Data supplied section start

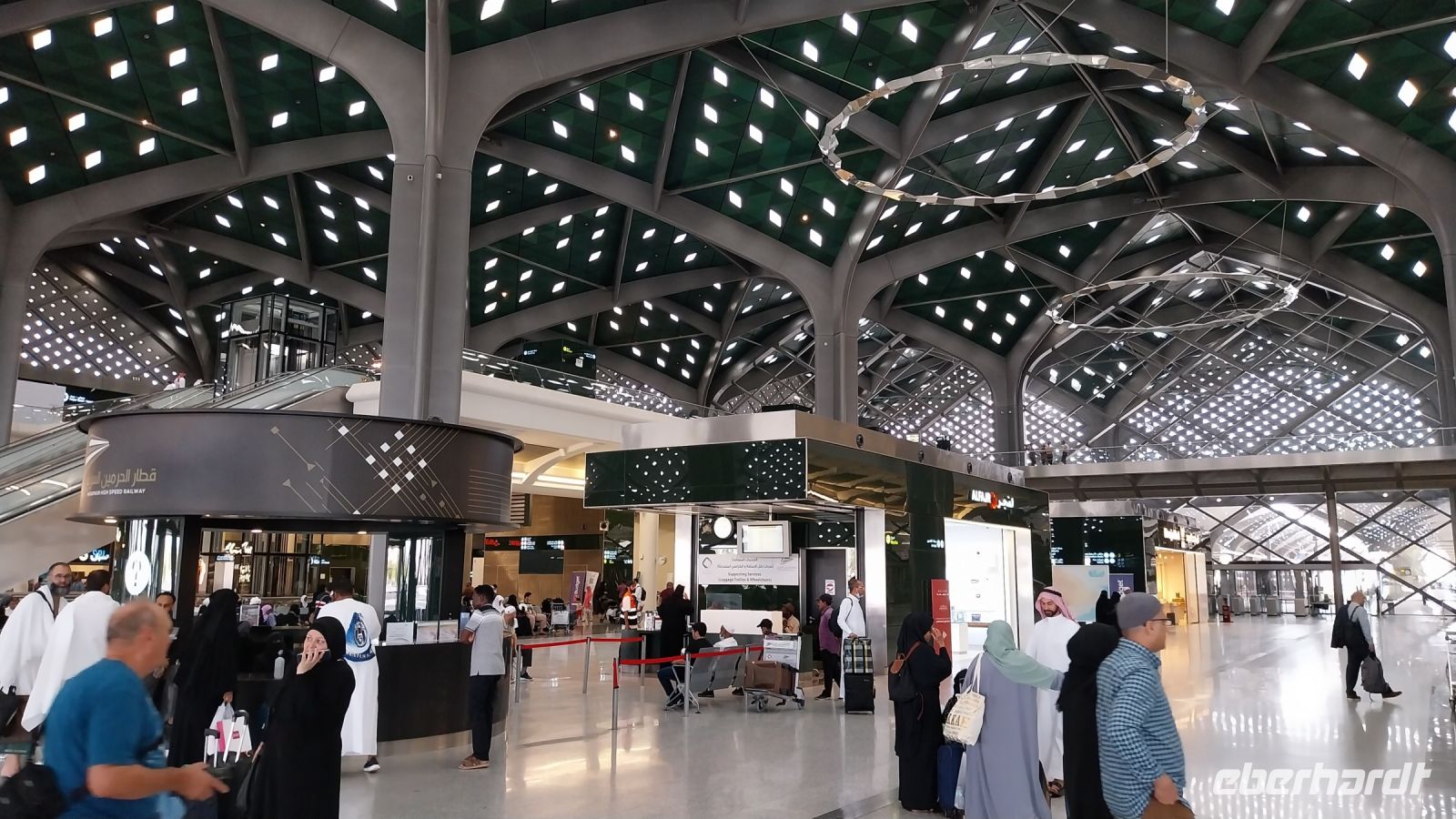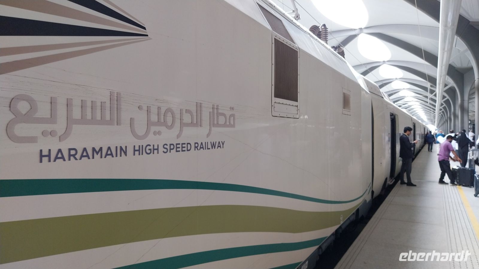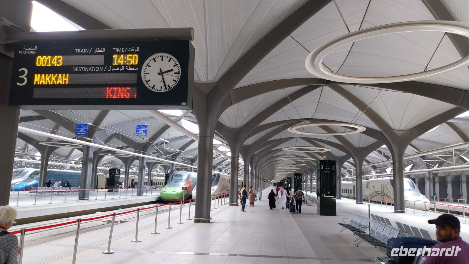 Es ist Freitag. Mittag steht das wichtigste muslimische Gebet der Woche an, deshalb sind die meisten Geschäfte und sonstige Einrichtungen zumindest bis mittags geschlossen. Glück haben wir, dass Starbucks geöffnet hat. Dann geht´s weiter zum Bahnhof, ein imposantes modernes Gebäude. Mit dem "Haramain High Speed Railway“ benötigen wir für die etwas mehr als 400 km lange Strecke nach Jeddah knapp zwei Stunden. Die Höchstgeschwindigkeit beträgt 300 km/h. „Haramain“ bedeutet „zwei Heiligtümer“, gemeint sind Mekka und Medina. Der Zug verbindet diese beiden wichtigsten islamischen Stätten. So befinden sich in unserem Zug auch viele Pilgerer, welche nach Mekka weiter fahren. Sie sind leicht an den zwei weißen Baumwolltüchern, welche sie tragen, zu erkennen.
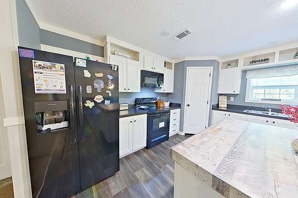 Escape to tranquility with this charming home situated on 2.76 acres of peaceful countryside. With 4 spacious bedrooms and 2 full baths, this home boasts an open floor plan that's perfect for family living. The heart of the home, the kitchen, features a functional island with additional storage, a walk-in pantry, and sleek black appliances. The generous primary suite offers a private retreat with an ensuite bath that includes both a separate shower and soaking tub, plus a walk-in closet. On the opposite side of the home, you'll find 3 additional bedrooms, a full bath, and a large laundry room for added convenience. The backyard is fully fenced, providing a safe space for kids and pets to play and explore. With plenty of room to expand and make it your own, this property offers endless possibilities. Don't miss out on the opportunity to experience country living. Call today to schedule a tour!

Data supplied section end
Data supplied section start

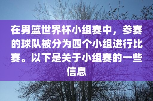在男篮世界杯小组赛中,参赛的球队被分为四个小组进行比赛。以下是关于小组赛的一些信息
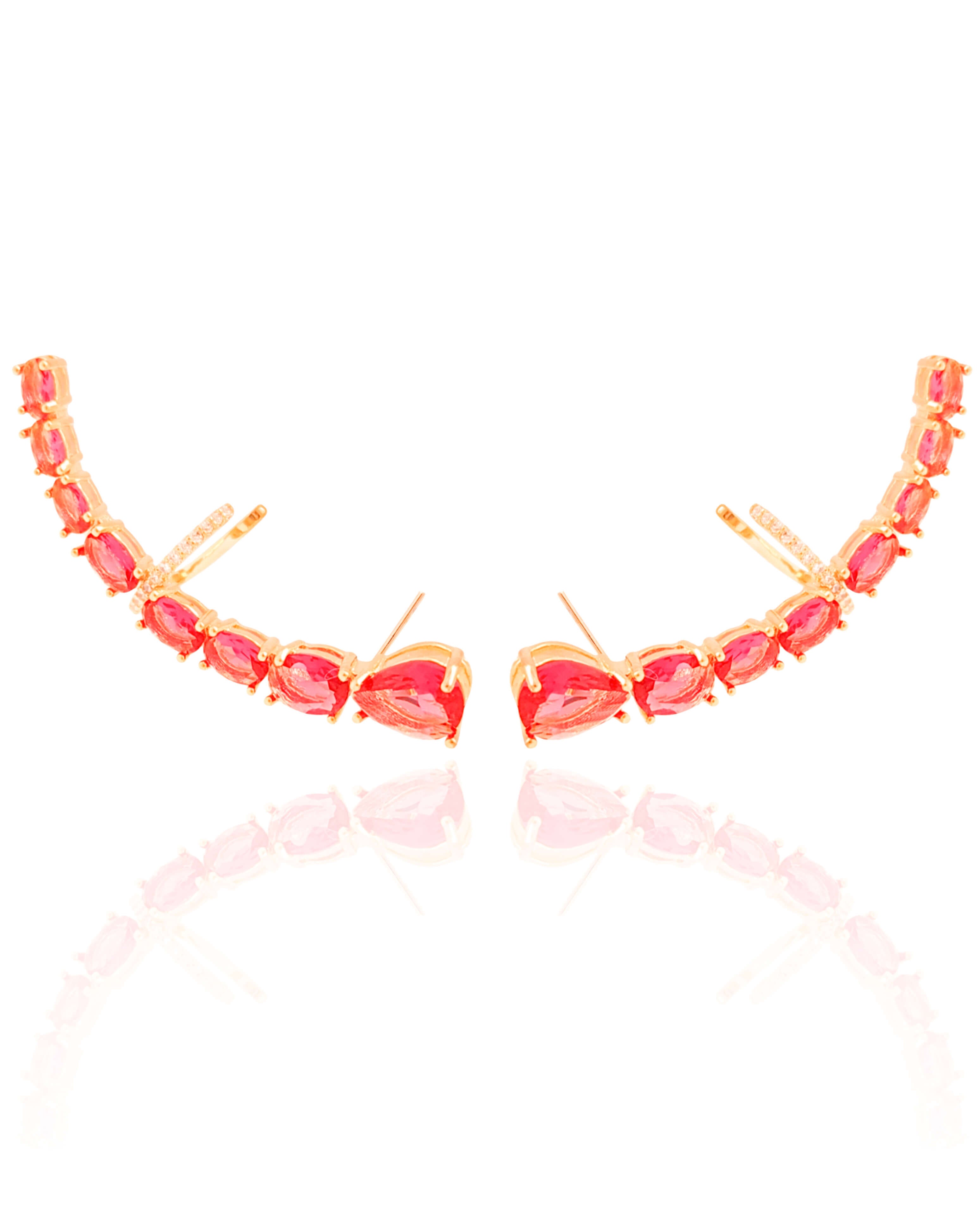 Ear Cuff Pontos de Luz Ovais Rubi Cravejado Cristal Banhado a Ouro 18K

Data supplied section end

_Exercise instructions_
Copy exactly the lines of the entries above from the one containing "在男篮世界杯小组赛中,参赛的" through the one containing "Ear Cuff Pontos". Both end lines count; pictures do not.

_Solution to the exercise_
在男篮世界杯小组赛中,参赛的球队被分为四个小组进行比赛。以下是关于小组赛的一些信息
 Ear Cuff Pontos de Luz Ovais Rubi Cravejado Cristal Banhado a Ouro 18K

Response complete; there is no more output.